В четвертом классе мы постоянно ездили из Балакова в Самару и из Самары в Балаково. Мать возила продавать 250 кур в деревянных клетках. Всегда устраивались на корме. О первом и втором классе я только мечтал, туда с нижних палуб никого не пускали. Тайком проползешь, увидишь ковры, золотые ручки, зеркальные двери, хрустальные люстры… Там был совершенно другой запах. Сдобный, конфетами и шоколадом пахло, Волгой, но только другой, первоклассной Волгой, а не нашей, нижнего класса. На корме каких только запахов не услышишь: тут и вобла, и туалет, и смола, и пар, и куры. И сапогами, смазанными дегтем, и лаптями, и портянками, и квасом, и огурцами, и луком, и черным душистым хлебом, и белым калачом с хрустящей корочкой, и спелым сахарным арбузом — всем пахло.
Спят здесь прямо на железе, вповалку. Если ночью заглянуть, то только во сне может присниться такая картина, наяву такого не бывает. Спят так, словно их с пристани грузчики побросали — где руки, где ноги, где голова, чьи руки, чьи ноги, чья голова? Распластаются, разбросаются… Все спят словно одна большая семья.
От такого горя, как у меня, думать нужно совсем о другом, а я покупаю билет первого класса, вхожу в роскошную одноместную каюту и еду домой, к отцу и матери. Что это, легкомыслие? Протест? Денег нет, из театра выгнали. Как Чацкий, «бегу не оглянусь. Иду искать по свету, где оскорбленному есть чувству уголок!» А где может быть такой уголок, как не дома? Плыву по Волге, наслаждаюсь первым классом, утопаю в кожаном широком мягком кресле, валяюсь на таком же кожаном широком диване, на белых простынях, пуховых подушках. Мне и во сне такое не снилось!

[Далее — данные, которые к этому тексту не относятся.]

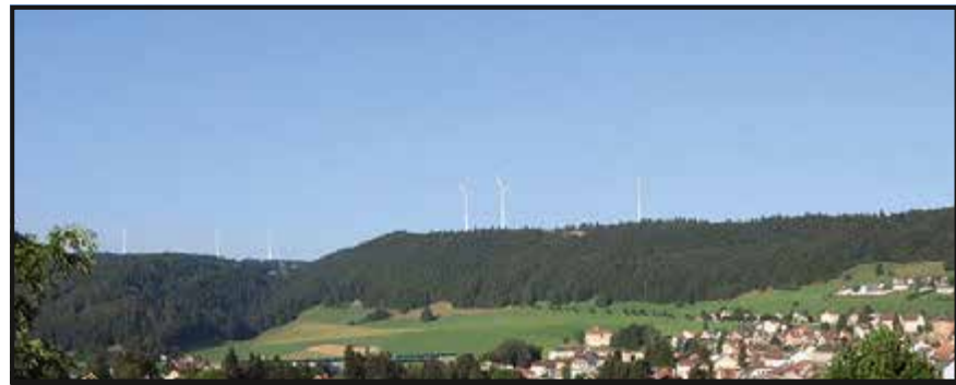
D'après la projection de Romande Énergie, voilà à quoi ressemblera le site de Sainte-Croix, une fois que les six éoliennes auront été installées.

Alors qu'une partie de la population valloisienne est vent debout contre l'installation d'éoliennes sur son territoire, le premier « parc à hélices » vaudois est en train de prendre forme à quelques kilomètres. C'est à Sainte-Croix que six pales sont actuellement assemblées après des années de bataille. Les habitants ont pu voter – de façon consultative – en 2012 et une légère majorité s'était alors dessinée en faveur du parc à hélices (1103 voix pour et 966 contre). Venues d'Allemagne, les pièces ont transité par la route du Val-de-Travers. Et si le prochain convoi s'arrêtait « chez nous » ?

Расхаживаю по палубе полноправным пассажиром, обедаю в ресторане, ем уху, пью жигулевское пиво. Самоваров уже в то время не было, на палубе чаи не распивали. Жили по продовольственным карточкам, на которые получали паек. Ничем другим «отовариться» не было возможности. Хлеб я получил перед отъездом на весь месяц вперед, у меня было несколько буханок. В Сызрани я их продал по десять рублей за буханку: ведь там, куда я еду, хлеба много. В пошивочной мастерской заказал пальто. Моя зарплата в театре — сто восемь рублей, в тридцать втором — тридцать третьем годах — сумма большая. Такую зарплату я потом долго не получал. Проработав много лет, уже «заслуженный», получал тысячу рублей (по-новому). Но на эту тысячу нельзя было купить того, что можно было купить на сто рублей в те годы.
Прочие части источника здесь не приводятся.